In fact, the entire cast of this film is fucking great. I hope we get a sequel to this just so I can see this cast again. Many of the X-Men are basically unknowns but they all manage to look and feel very distinctive--the actors playing Beast and Banshee especially. Kevin Bacon makes a goddamn triumphant return to serious acting and totally pulls off Sebastian Shaw, speaking three languages (English, German, Russian) and making a great villain with all sorts of layers of complexity. In fact, that's probably a key word to this film--
complexity. Almost every character's got some good layers of complexity to them and everyone gets their piece. (With the exception of a few of the villains, like the White Queen, Azazel and Riptide, who basically make up Shaw's gang of cronies. In fact, I don't think Riptide is ever referred to by name; the whole time I kept having to call him "That dude who shoots tornadoes out of his hands." I only just now found out his name from the Wiki page on the movie.)
Oh, and Darwin doesn't really get any development either, but that's because he's playing the role of Morph from the 90s animated series, only without the part where he comes back later and is evil. His death looked really cool, though!

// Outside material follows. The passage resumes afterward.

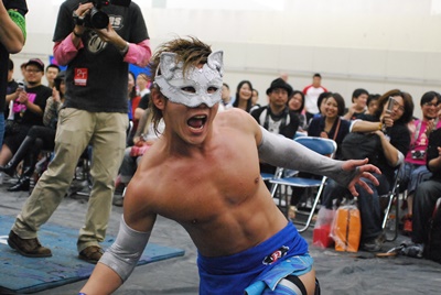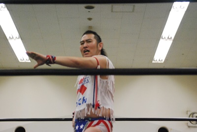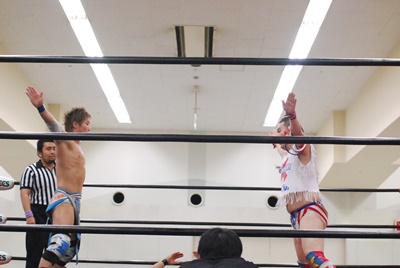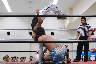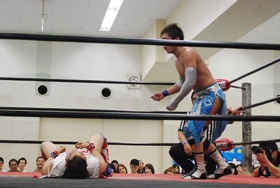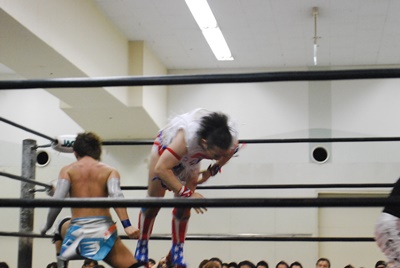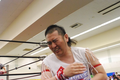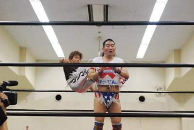 ばってんがコーナーに上る、大石がMIKAMIを押さえる(右写真)。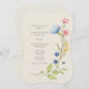 Convide seus hóspedes em estilo com este convite de casamento de flor silvestre branca apresentando florais românticos de cor d'água pastel em um cartão de borda curvada em forma única. Flores silvestres azuis, cor-de-rosa esbranquiçadas e amarelas criam uma estética botânica suave perfeita para casamentos de primavera e verão. Personalize a serif e a tipografia moderna do script, adicione seus detalhes pessoais e guie facilmente os convidados ao RSVP com o código QR integrado. Uma escolha encantadora para jardinagem, contrabando ou casamentos ao ar livre.

Mystique is given a decent explanation as to why she would still be smokin' hot some 30-40 years later (the movie takes place mostly in 1962) by Hank McCoy telling her that her cells regenerate faster or something like that, so she doesn't age as fast. Hank is a well-meaning guy but sensitive about his (and Mystique's) appearance, which leads him to some drastic measures that backfire in an obvious way--in spite of us already knowing the resolution (he becomes a furry and rapes animals, according to Dom) it's still engaging. Havok and Banshee are probably given the least development but each of them individually see more character moments and development than most of GL's cast combined. Where Hal Jordan simply says, "Humanity is worth saving! I said so!" X-Men's entire cast's actions and words really show us the line--we see Magneto's viewpoints in actions. Whereas the mainstream X-Men films mostly were content to have Magneto fly in the air and go "Humans are totally gonna turn against us one day!" and have some SWAT guys invade the X-Mansion, here we see both America and Russia put aside their differences in the Cold War to make a calculated strike against all the (known) mutants at the time. The tacked-on romance subplot here isn't tacked on at all and is given just the right amount of focus--at no time does Xavier go "Hey girl, I obviously love you, we should make out for five minutes," it feels more like they're still getting to know each other even though there's an obvious attraction there. The Mystique/Beast/Magneto love triangle is essential to the character development of all three involved, and putting it the way I did there makes it sound much worse.
Hugh Jackman shows up as Wolverine in a hilarious cameo. Xavier and Magneto are travelling around the world, recruiting mutants. They walk up to Wolvie in a bar. "Hi, I'm Professor Charles Xavier, and this is--" "Go fuck yourself." "....Right." And they leave.
If you're going to see one of these and you're on the fence, go see X-Men, it's a superior film. The fact that I've written so much about it (and that there's that more to tell about it) shows that I liked it a hell of a lot more.